Protein nano-cages: Novel carriers for optimized targeted remedy

Ferritin

This protein belongs to a family of iron storage proteins and consists of 24 subunits that are assembled to form a hollow sphere, globular protein⁴. In vertebrates, ferritin subunits are composed of both heavy (H) and a light (L) chains, which are spontaneously assembled together and surround an aqueous cavity within the internal and external diameters of about 8 and 12 nm, respectively. In 1937, ferritin was isolated from horse spleen, but its structural features remained unidentified until 1991, when its crystal structure was resolved and determined⁷. The Douglas research group was the first to report the characteristics of this protein family. They showed that any changes in the ferritin external surface would not lead to a significant change on its inner surface, which is another fascinating applied feature of this protein⁸.
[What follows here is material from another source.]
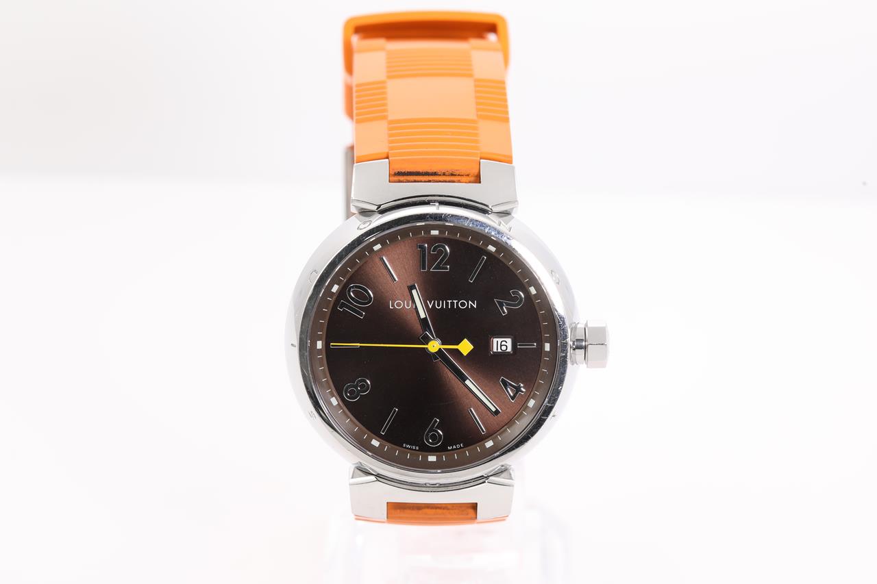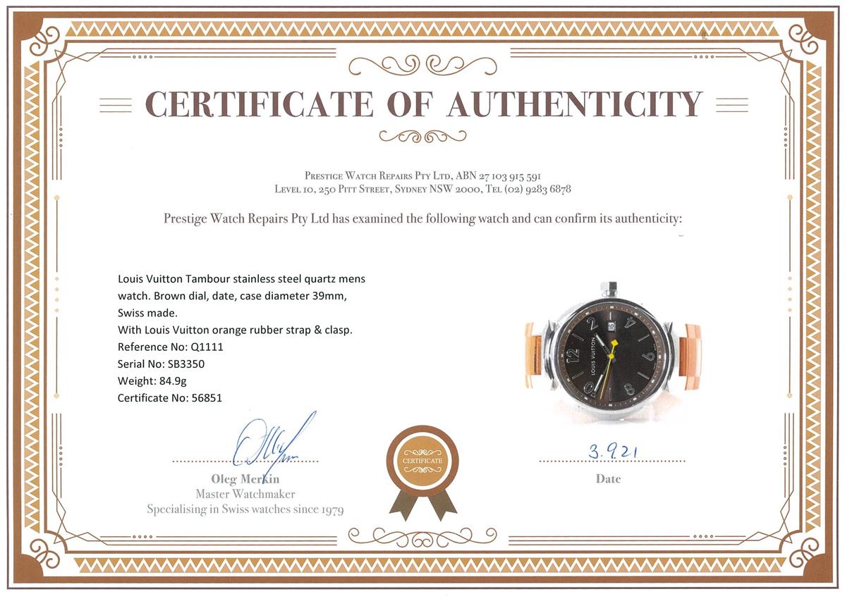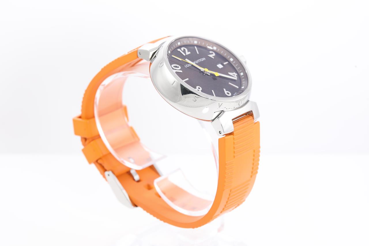 Louis Vuitton Tambour stainless steel quartz mens watch. Brown dial, date, length: 21cm, case diameter 39mm, Swiss made. Ref# Q1111, With Louis Vuitton orange rubber strap & clasp. With certificate of authenticity. 3 month FSA warranty. (Pre-owned)

Proteins of the ferritin family are thermodynamically stable and can tolerate high temperature (up to 85°C) and pH (8.5–9) stress. Hence, they can remain unchanged for a long time even in rigorous ionic situations. In addition, biodegradability and a non-immunogenic manner can be mentioned as the most important characteristics of these proteins, which can be applied widely in medical theranostics. Therefore, this protein family can be broadly used as mineral scaffolds and contrast-agents in MRI, and recently they have been applied for the construction of nano-protein cargoes⁸.

The ability of ferritin for binding to a variety of tumor markers makes it a key determinant for a variety of medical applications, especially tumor diagnosis. The H chain of ferritin (Hfn) consists of an arginylglycylaspartic acid (RGD) domain at its N-terminus, by the sequence of -Cys, Phe, Cys, Asp, Gly, Arg, Cys, Asp, Cys-. The RGD domain, also displayed by “C4” symbol (denoting the 4 cysteine residue present in the domain), is the main core of a ferritin protein and participates in its attachment to other structures. Additionally, the RGD domain shows some genetic variations in different species and can be adopted for different applications⁹. It has been shown that Hfn-c4-RGD (Hfn integrated with RGD or C4 domain) has the ability to target THP-1, a human monocyte cell line that is derived from acute monocyte leukemia¹⁰. There are also some other reports that show that the mutant type of Hfn may have a higher performance than its wild type¹⁰.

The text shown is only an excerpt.